About this task: Repeat the span of the entries below that starts at the line with "- OLIVO RFC270" and ends at the line with "9月19日,中银腾利披露的基", nothing more. Skip the pictures.

Data:

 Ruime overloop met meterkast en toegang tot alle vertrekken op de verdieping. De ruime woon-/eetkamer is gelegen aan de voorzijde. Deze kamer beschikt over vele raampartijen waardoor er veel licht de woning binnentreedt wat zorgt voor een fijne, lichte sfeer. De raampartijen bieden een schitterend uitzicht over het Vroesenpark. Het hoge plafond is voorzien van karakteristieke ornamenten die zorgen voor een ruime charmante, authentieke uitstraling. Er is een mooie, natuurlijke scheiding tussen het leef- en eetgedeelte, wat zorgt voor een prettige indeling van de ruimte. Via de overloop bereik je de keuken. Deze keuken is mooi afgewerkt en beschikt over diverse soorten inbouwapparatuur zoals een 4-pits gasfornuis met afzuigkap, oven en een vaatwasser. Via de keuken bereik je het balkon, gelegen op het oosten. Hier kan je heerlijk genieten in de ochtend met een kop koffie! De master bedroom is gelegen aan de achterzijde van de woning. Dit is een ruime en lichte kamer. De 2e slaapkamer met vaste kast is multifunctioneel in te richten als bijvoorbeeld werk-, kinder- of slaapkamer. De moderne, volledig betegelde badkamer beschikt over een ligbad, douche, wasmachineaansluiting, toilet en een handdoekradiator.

--

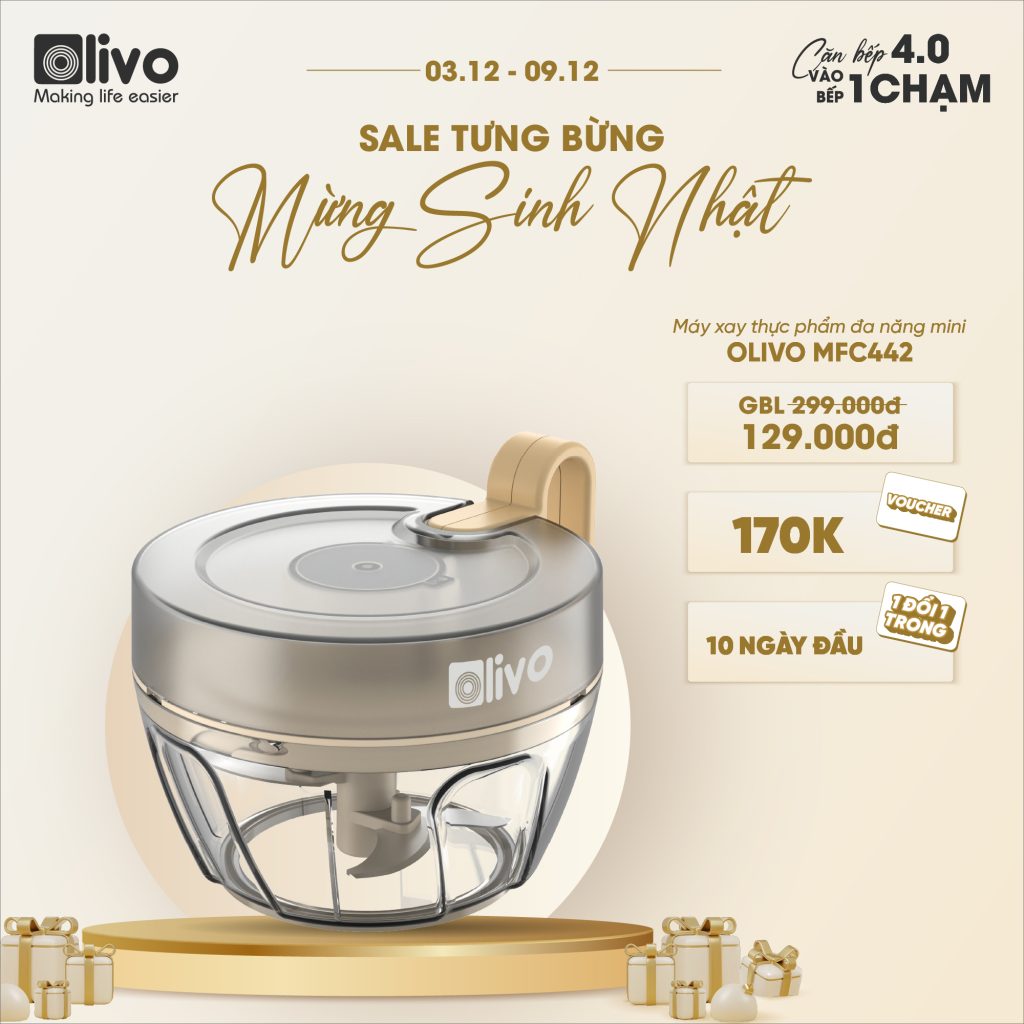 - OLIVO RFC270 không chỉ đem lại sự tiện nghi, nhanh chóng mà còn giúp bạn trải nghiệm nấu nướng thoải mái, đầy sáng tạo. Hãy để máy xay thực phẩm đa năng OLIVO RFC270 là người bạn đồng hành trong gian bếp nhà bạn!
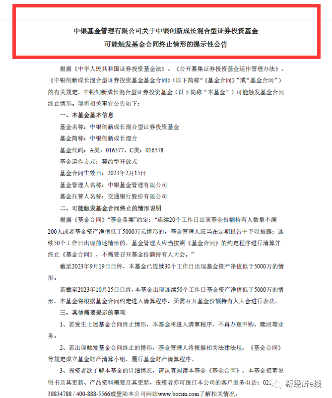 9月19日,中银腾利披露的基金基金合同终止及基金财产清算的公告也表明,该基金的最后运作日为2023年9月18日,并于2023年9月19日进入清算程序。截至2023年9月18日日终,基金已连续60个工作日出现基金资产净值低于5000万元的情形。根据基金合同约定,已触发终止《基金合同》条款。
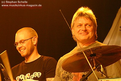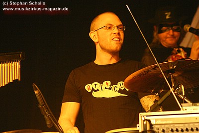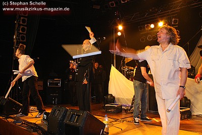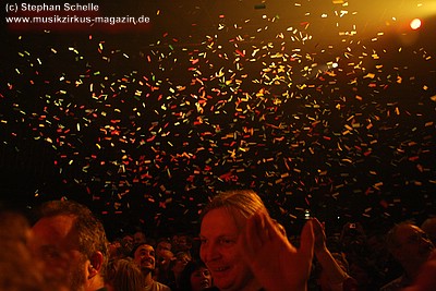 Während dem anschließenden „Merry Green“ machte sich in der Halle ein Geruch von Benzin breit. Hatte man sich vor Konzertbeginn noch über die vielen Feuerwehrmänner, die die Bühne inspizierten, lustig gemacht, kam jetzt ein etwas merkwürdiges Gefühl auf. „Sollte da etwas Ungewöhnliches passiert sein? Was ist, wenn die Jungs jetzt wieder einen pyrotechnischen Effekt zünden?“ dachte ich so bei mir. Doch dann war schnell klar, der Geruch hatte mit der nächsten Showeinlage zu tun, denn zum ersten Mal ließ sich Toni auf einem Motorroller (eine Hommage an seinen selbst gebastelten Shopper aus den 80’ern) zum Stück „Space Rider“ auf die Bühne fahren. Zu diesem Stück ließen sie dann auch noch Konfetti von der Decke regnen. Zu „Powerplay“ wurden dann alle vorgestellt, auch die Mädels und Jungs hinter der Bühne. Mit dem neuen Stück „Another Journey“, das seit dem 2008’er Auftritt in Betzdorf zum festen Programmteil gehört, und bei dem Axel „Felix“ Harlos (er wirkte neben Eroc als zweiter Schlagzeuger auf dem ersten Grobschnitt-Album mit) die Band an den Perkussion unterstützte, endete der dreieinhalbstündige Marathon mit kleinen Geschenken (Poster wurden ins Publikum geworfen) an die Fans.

Written answer:
 - OLIVO RFC270 không chỉ đem lại sự tiện nghi, nhanh chóng mà còn giúp bạn trải nghiệm nấu nướng thoải mái, đầy sáng tạo. Hãy để máy xay thực phẩm đa năng OLIVO RFC270 là người bạn đồng hành trong gian bếp nhà bạn!
 9月19日,中银腾利披露的基金基金合同终止及基金财产清算的公告也表明,该基金的最后运作日为2023年9月18日,并于2023年9月19日进入清算程序。截至2023年9月18日日终,基金已连续60个工作日出现基金资产净值低于5000万元的情形。根据基金合同约定,已触发终止《基金合同》条款。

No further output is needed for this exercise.